The automaton reports both automatically.
A naive approach would require multiple independent searches.
Complexity Analysis
Let:
| Symbol | Meaning |
|---|---|
| n | Text length |
| m | Total pattern length |
| z | Number of matches |
Construction:
| Operation | Complexity |
|---|---|
| Trie build | O(m) |
| Failure links | O(m) |
| Total | O(m) |
Search:
| Operation | Complexity |
|---|---|
| Text scan | O(n) |
| Output reporting | O(z) |
| Total | O(n + z) |
Memory:
| Resource | Complexity |
|---|---|
| Automaton | O(m) |
This efficiency is the defining achievement of Aho-Corasick.

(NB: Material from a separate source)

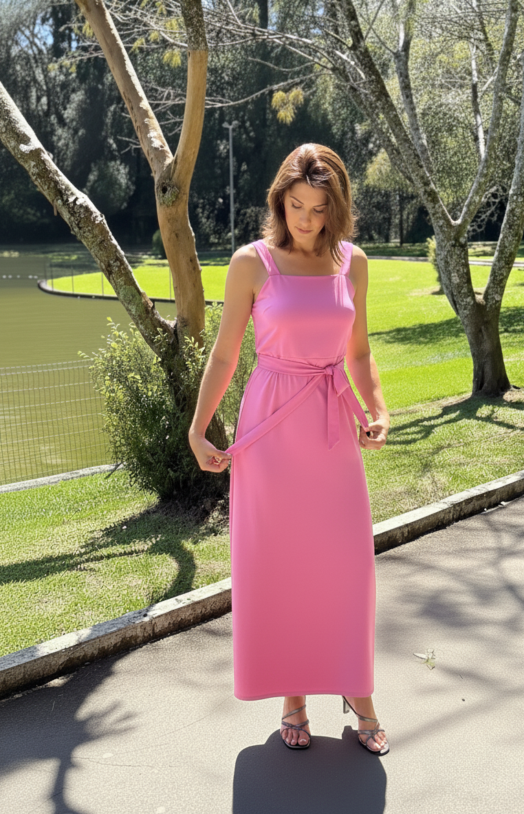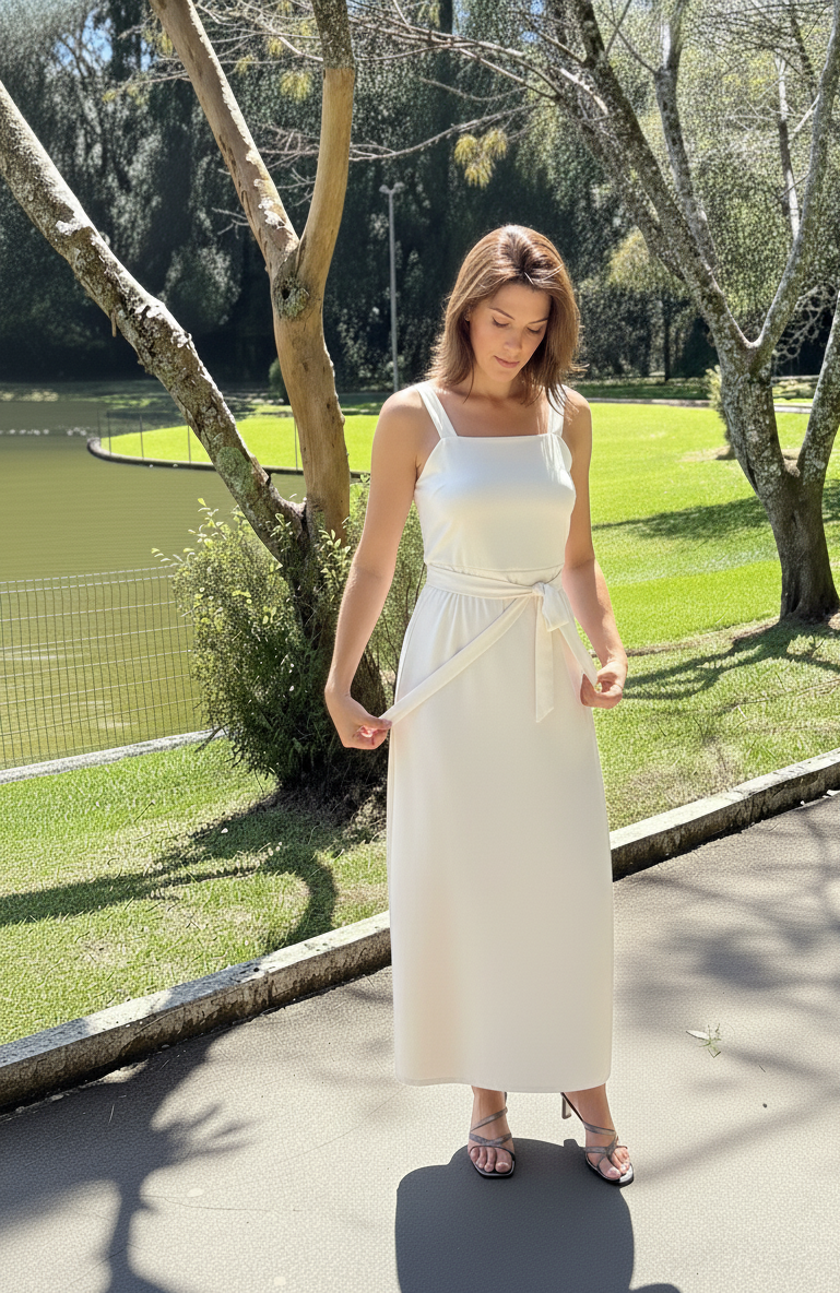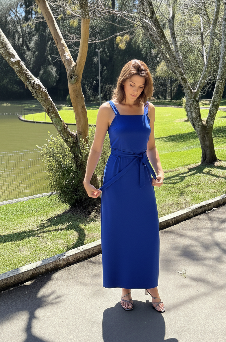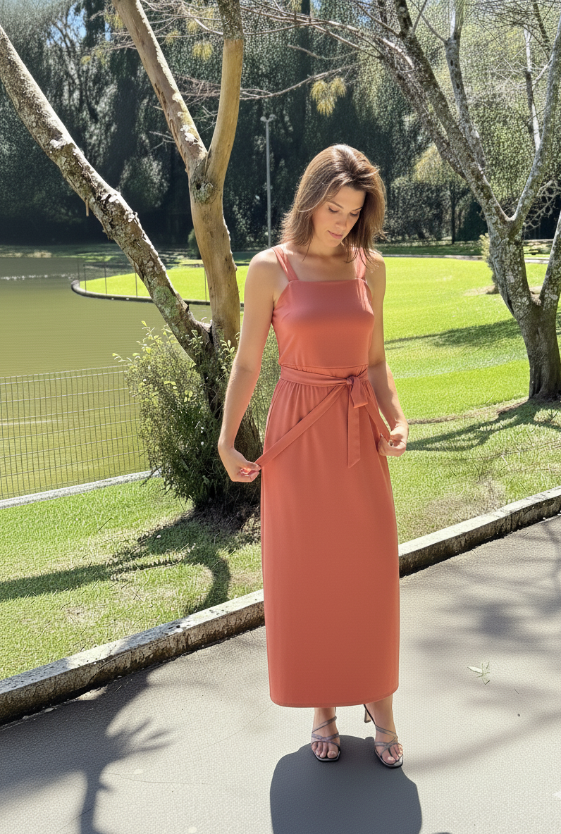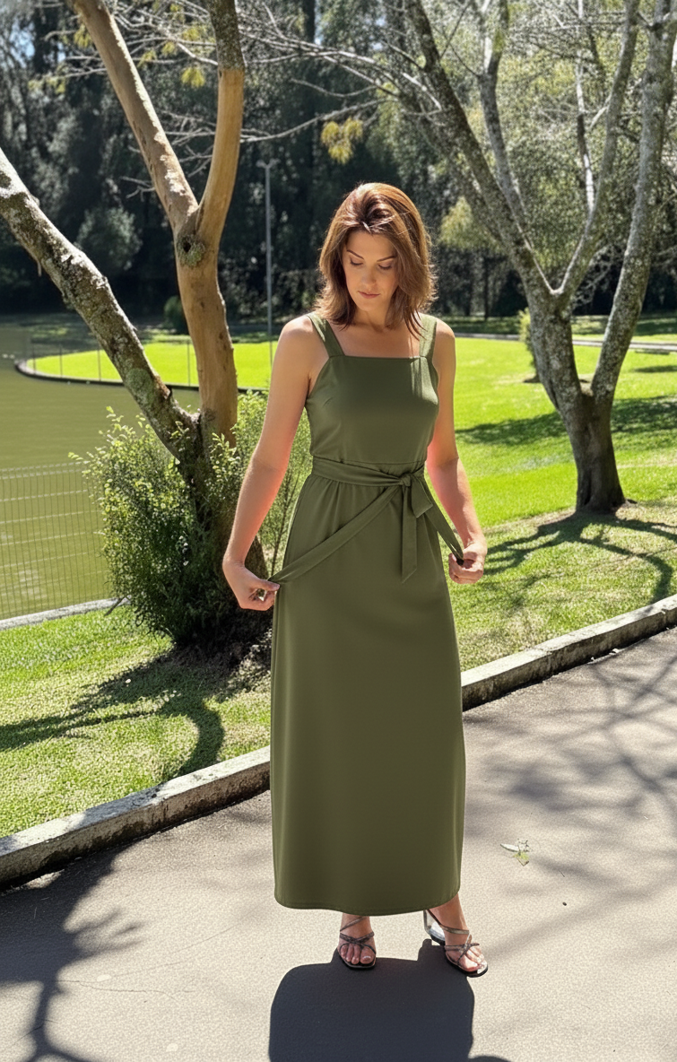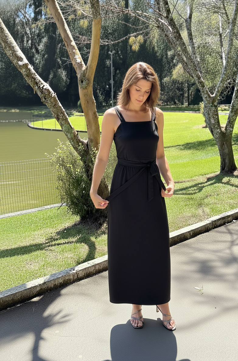 Desperte elegância e leveza com o vestido Boreal Longo e fluido, possui corte evazê que valoriza todos os tipos de corpo. Confeccionado em viscose plana, garante conforto e caimento impecável. Conta com bolsos laterais discretos e um babado longo que permite amarração delicada na cintura, trazendo charme e versatilidade ao look. Ideal para momentos especiais ou para adicionar um toque sofisticado ao dia a dia.

Thousands of patterns can be searched simultaneously with a single linear pass through the text.
Real-World Applications
Search Engines
Large dictionaries of keywords are matched against documents.
Intrusion Detection
Network packets are scanned for thousands of attack signatures.
Antivirus Software
Malware signatures are searched within files and memory regions.
DNA Analysis
Large collections of genetic markers are matched against genomic sequences.
Log Processing
Event streams are scanned for many patterns simultaneously.
Content Filtering
Blocked phrases and keywords are detected in real time.
Comparison with Earlier Algorithms
| Algorithm | Patterns | Complexity |
|---|---|---|
| KMP | 1 | O(n + m) |
| Z Algorithm | 1 | O(n + m) |
| Rabin-Karp | Many (same length) | O(n + m) expected |
| Boyer-Moore | 1 | Excellent practical performance |
| Aho-Corasick | Many | O(n + z) |
KMP generalizes information reuse within a single pattern.
The Z Algorithm generalizes prefix similarity across a string.
Boyer-Moore exploits mismatches to skip large regions.
Aho-Corasick extends these ideas into a full automaton capable of matching an entire dictionary at once.
The transition from individual pattern matching to automata-based matching is one of the major conceptual shifts in string processing. Rather than asking whether a particular pattern appears in a text, we construct a machine that recognizes every pattern simultaneously and then stream the text through that machine. This automaton perspective will appear repeatedly throughout the remainder of the chapter, especially in suffix structures and advanced text indexing systems.